YOUR ASSIGNMENT:
Leaving out the pictures, reproduce each record exactly and in full.

Source records:
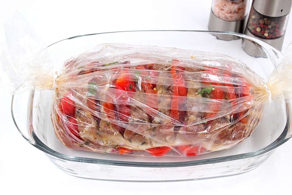 Сделать пару крошечных отверстий, что бы пар не разорвал пакет при запекании.
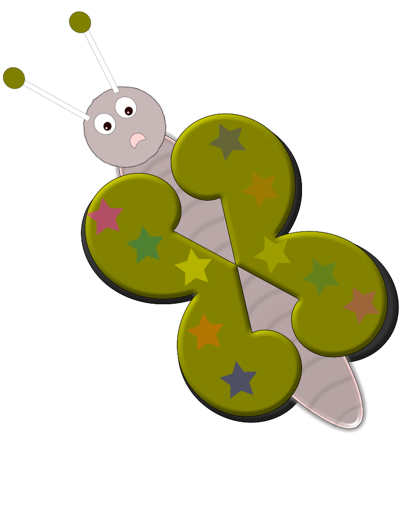 This features a green and yellow butterfly with stars on its wings. It is positioned in the center of the scene, occupying most of the frame. The butterfly has a unique design, making it stand out against the background.
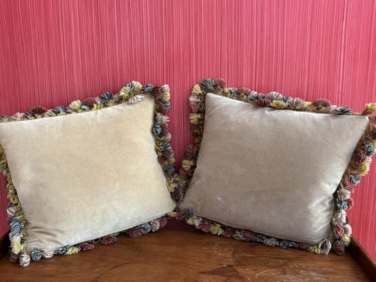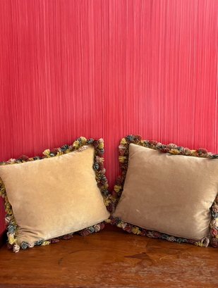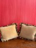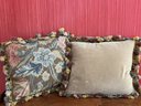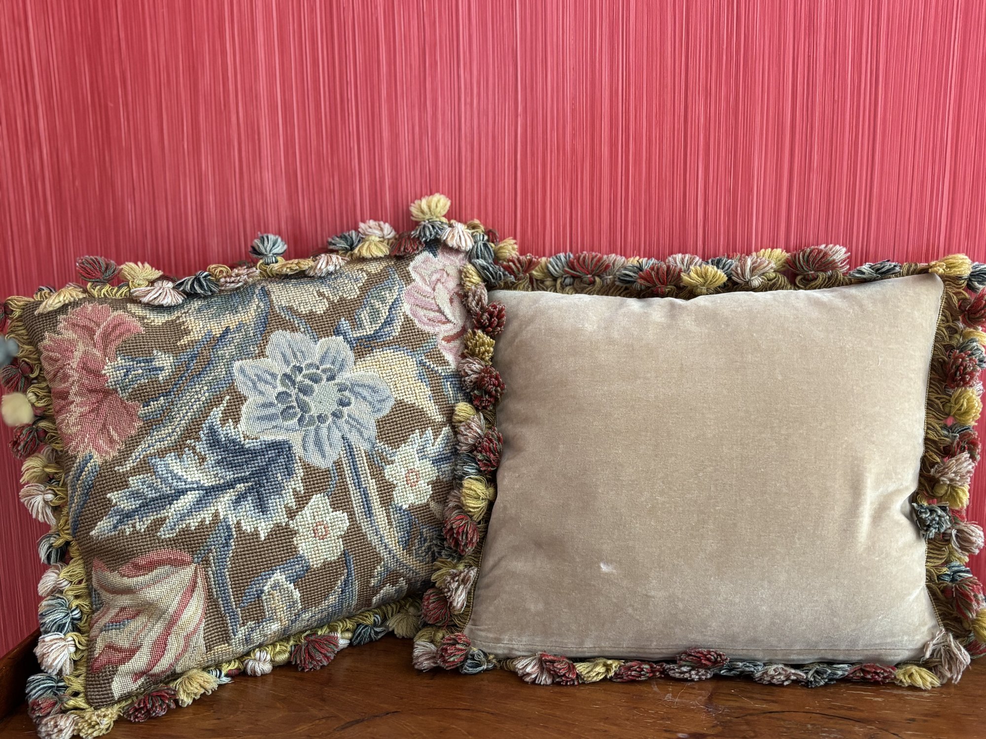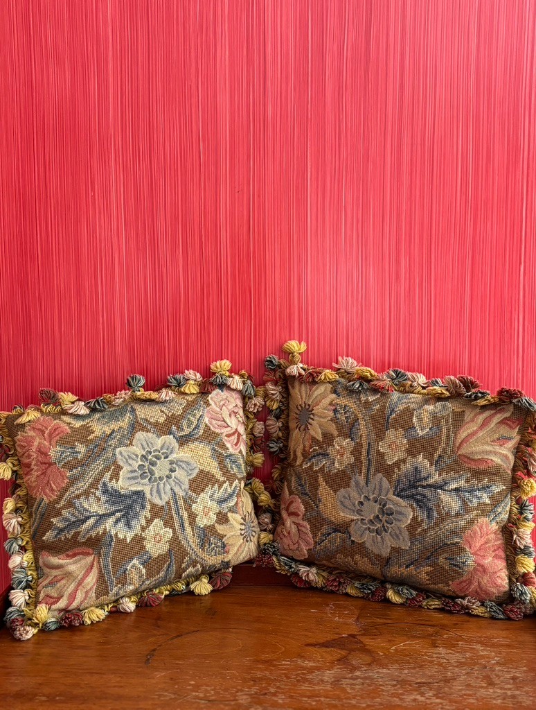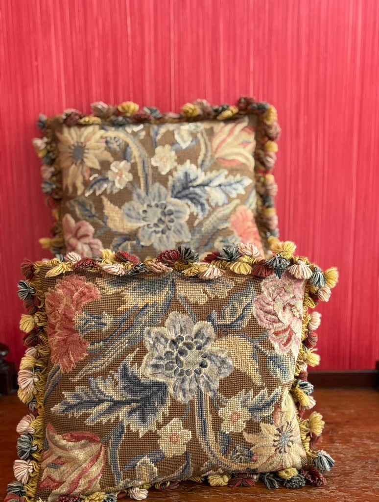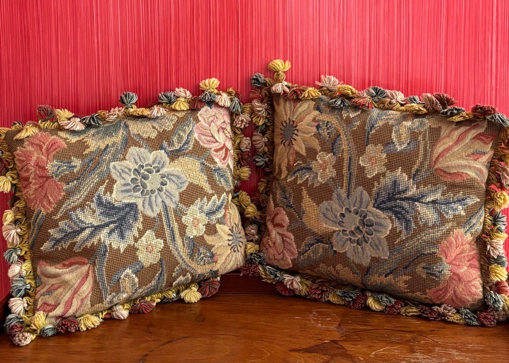 Aubusson handwoven needlepoint floral pillows featuring detailed floral tapestry designs and tassel fringe.
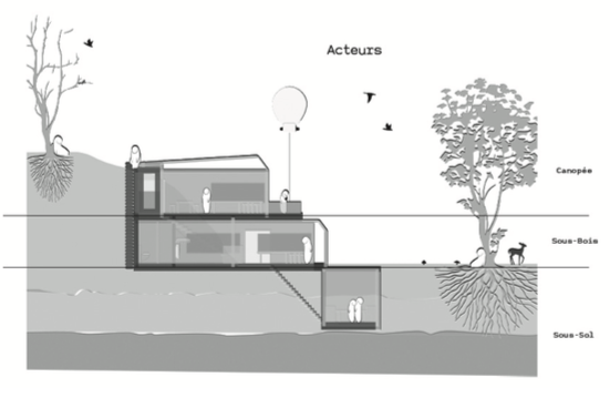 Nous avons choisi Fontainebleau, un des plus grands domaines de France, pour implanter le premier édifice d’un pro- jet destiné à la série. Divisé en trois étages, le bâtiment permet de mettre en relation les métiers analysant les sous-sols, les sous-bois et la canopée.
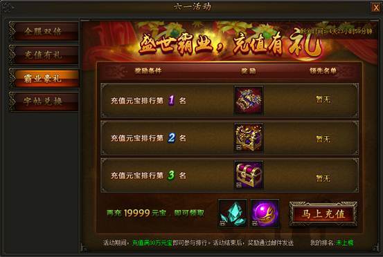 活动期间,充值元宝数满30w即可参与排行,排行前三即可获得对应霸业装备和极品首饰奖励
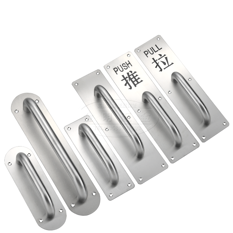 Thickened stainless steel round surface mounted bottom plate handle Channel door fire door stainless steel handle send screws
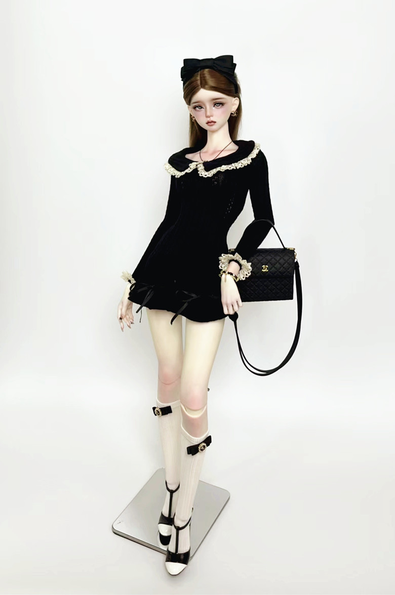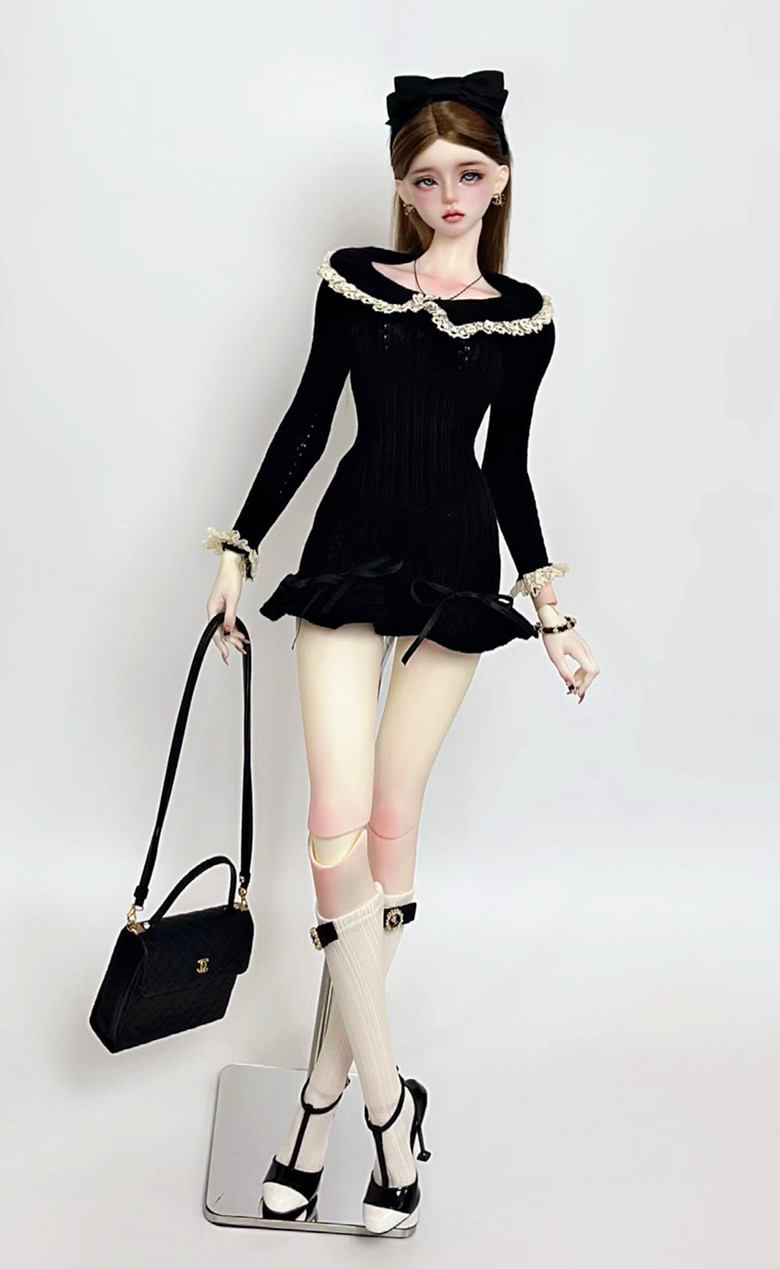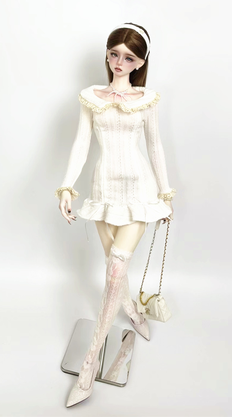 Bjd 3-point doll dress with hollowed-out knit drawstring
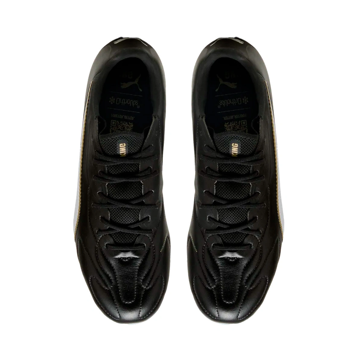 Puma King 20 Match Football Boots FG/AG for use on natural and artificial grass pitches. Entry-level boots in Puma Black-Puma White-Puma Gold.
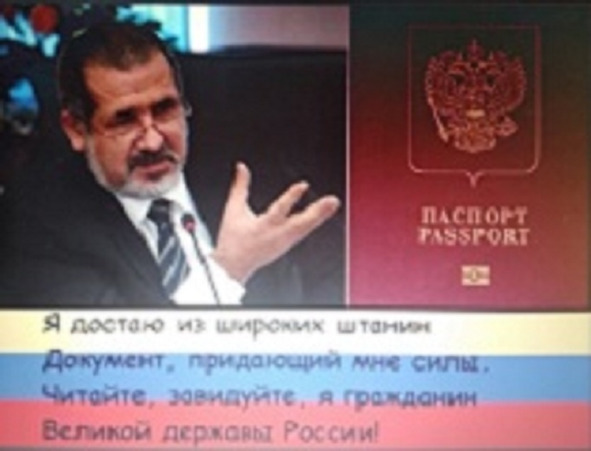 Я достаю из широких штанин вместо французского коньяка, корочку российского паспорта!
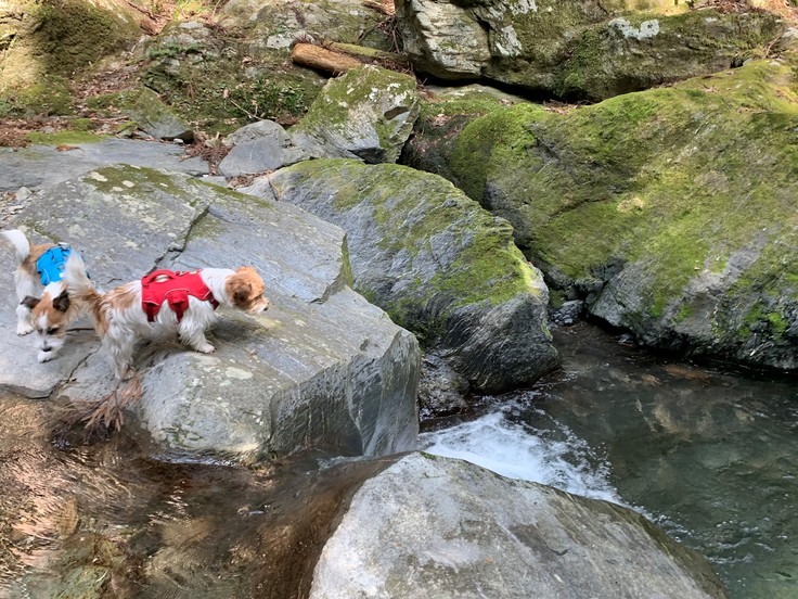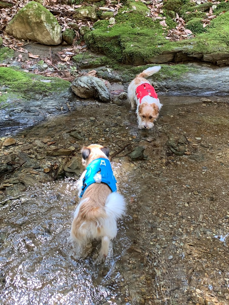 川あそびは夏からの提供の予定だけど、うちのワンズは一足早く川あそび体験中。まだちょっと冷たいね(^^♪

ANSWER BELOW:
 Сделать пару крошечных отверстий, что бы пар не разорвал пакет при запекании.
 This features a green and yellow butterfly with stars on its wings. It is positioned in the center of the scene, occupying most of the frame. The butterfly has a unique design, making it stand out against the background.
 Aubusson handwoven needlepoint floral pillows featuring detailed floral tapestry designs and tassel fringe.
 Nous avons choisi Fontainebleau, un des plus grands domaines de France, pour implanter le premier édifice d’un pro- jet destiné à la série. Divisé en trois étages, le bâtiment permet de mettre en relation les métiers analysant les sous-sols, les sous-bois et la canopée.
 活动期间,充值元宝数满30w即可参与排行,排行前三即可获得对应霸业装备和极品首饰奖励
 Thickened stainless steel round surface mounted bottom plate handle Channel door fire door stainless steel handle send screws
 Bjd 3-point doll dress with hollowed-out knit drawstring
 Puma King 20 Match Football Boots FG/AG for use on natural and artificial grass pitches. Entry-level boots in Puma Black-Puma White-Puma Gold.
 Я достаю из широких штанин вместо французского коньяка, корочку российского паспорта!
 川あそびは夏からの提供の予定だけど、うちのワンズは一足早く川あそび体験中。まだちょっと冷たいね(^^♪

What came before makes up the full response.